Wysoki, długowłosy blondyn wyszedł z hotelu, odsunął portiera, kładąc mu ręce na ramionach jak dziecku, i pewnym krokiem podszedł do ciasno zaparkowanych na podjeździe limuzyn. Nie miała wątpliwości. To był facet z fotografii, którą dostali na odprawie. Mieli tylko osłaniać tę operację. Niemiec, pedofil, przyjeżdżał do Warszawy zabawić się z jakimś chłopcem, którego podstawiali mu handlarze. Ostrożny, na wysokim stanowisku, plan był taki, że złapią go na gorącym uczynku. Z wysoko postawionymi prawnikami trudno sobie poradzić bez ewidentnych dowodów. Wspólna niemiecko-polska akcja. Najlepsi ludzie pojechali po niego na górę. Miał wyjść w kajdankach, a teraz dzieliły go od niej audi i dwie biało-zielone taksówki Eko Taxi. Cholera, nie mieli kiedy podjechać.
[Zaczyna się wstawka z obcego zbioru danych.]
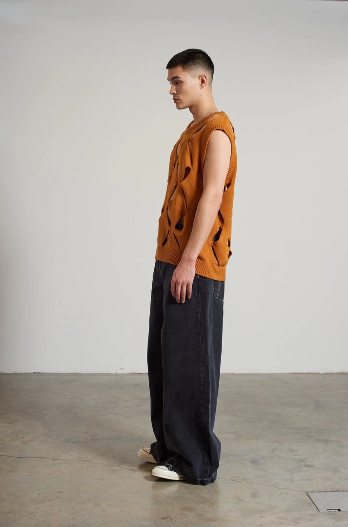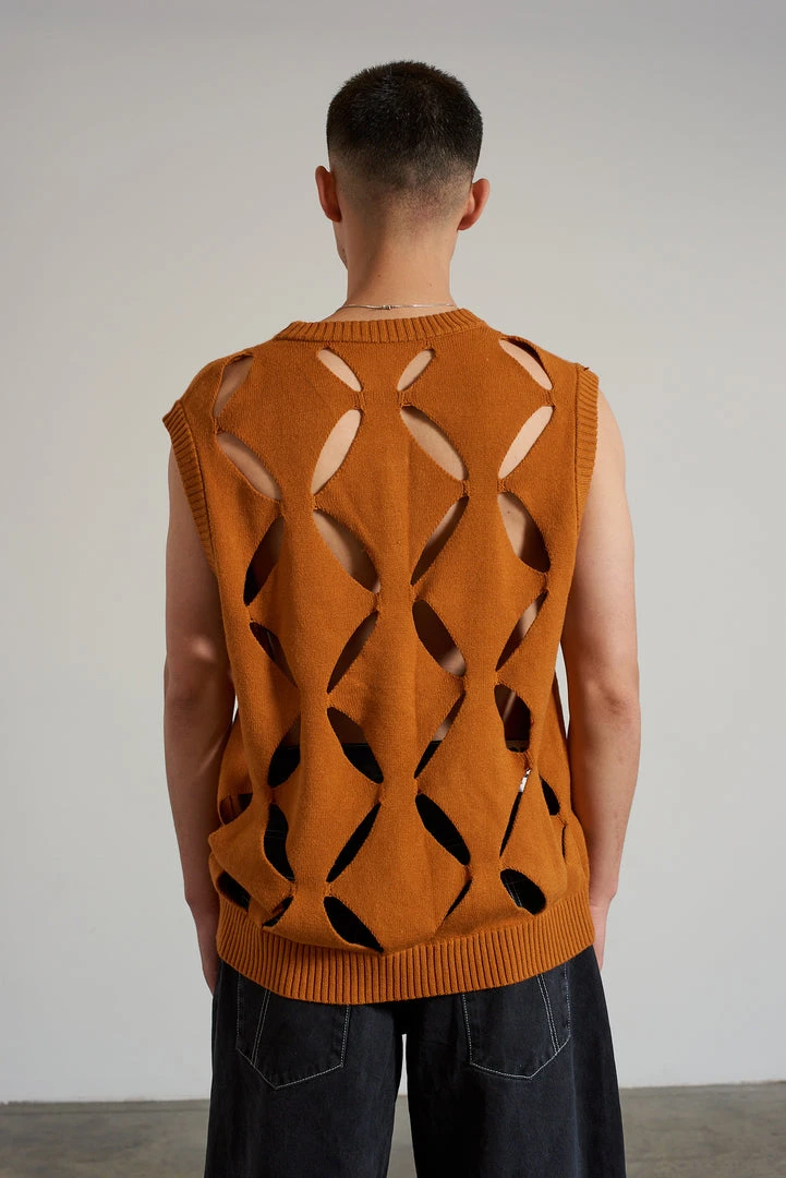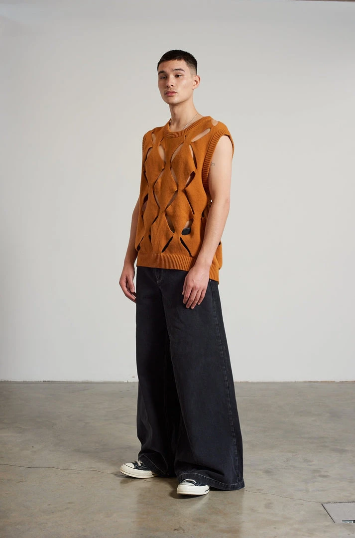 Ragged Jeans mens cut out knit vest.

– Odpalaj, kułwa. – Kosiński przeżuwał kęs pączka.
Olga upuściła otwarte pudełko na kolana i przekręciła kluczyk. Wentylatory forda plunęły w nich chłodnym powietrzem. Na szczęście nie całkiem zimnym. Silnik nie ostygł zupełnie. Ile mogli tu stać? Dwadzieścia minut, pół godziny?
Zobaczyła, jak blondyn przeszedł przed maską A6, obrócił się, zrobił dwa kroki w lewo, wyszarpnął rękę z kieszeni i rozpieprzył w drobny mak boczną szybę od strony kierowcy.
– Kurwa, kastet ma czy co?! – Poczuła uderzenie adrenaliny. – Co ja mam z tymi pączkami zrobić?! – Chwyciła pudełko i rzuciła na tylną kanapę. Pączek zostawił na welurze białą ścieżkę pudru. Patrzyła na to jak zaczarowana.
– Jedź! – Kosiński przełknął.
Obudziła się z odrętwienia. Ile to trwało? Dziesiątą część sekundy? A wydawało się, jakby minuty upłynęły. Adrenalina sprawiła, że Olga wszystko widziała teraz krystalicznie czyste, powolne, jakby zanurzone w formalinie gęstnącej nagle w mroźnym powietrzu.
Byli o jakieś sześć, siedem metrów od wysokiego gościa. Wcisnęła klakson, ale już wiedziała, że to bez sensu. Że za późno. Taksówkarze uśpieni gapieniem się w ekrany komputerów nie widzieli niczego poza swoim światem map, cen, klientów na lotnisko i umykającego czasu. Nagle zobaczyła, jak blondyn wywleka kierowcę i uderza go w łeb na odlew. I że nie, to nie jest kastet, to kolba. Boże święty! Gość ma broń!
Tymczasem napadnięty, jakby podtrzymywany przez jakieś niewidzialne sznurki, osuwał się na ziemię groteskowo powolnym ruchem. Krew z ust, błoto. Brązowy garnitur nasiąka wodą, dłonie w kałuży, rękawiczka z jasnej skóry.
– Kosiński, masz broń? – Spojrzała na chłopaka.
Miał wytrzeszczone oczy. Lewa ręka zabandażowana. W prawej rozmemłany pączek. Konfitura z róży leci na spodnie.
– Wypierdol go!
– Co?
– Pączka wypierdol!
– Ale gdzie?!
– Za okno, lecimy!
Szarpnęła drzwiami. Telefon spadł z głuchym trzaskiem, musiała go wciąż mieć na kolanach. Nie spuszczała wzroku z tamtego. Blondyn, jakby był z gumy, złożył się i mimo wysokiego wzrostu wsunął się na siedzenie w tym swoim jasnobeżowym płaszczu, pewnie wełna.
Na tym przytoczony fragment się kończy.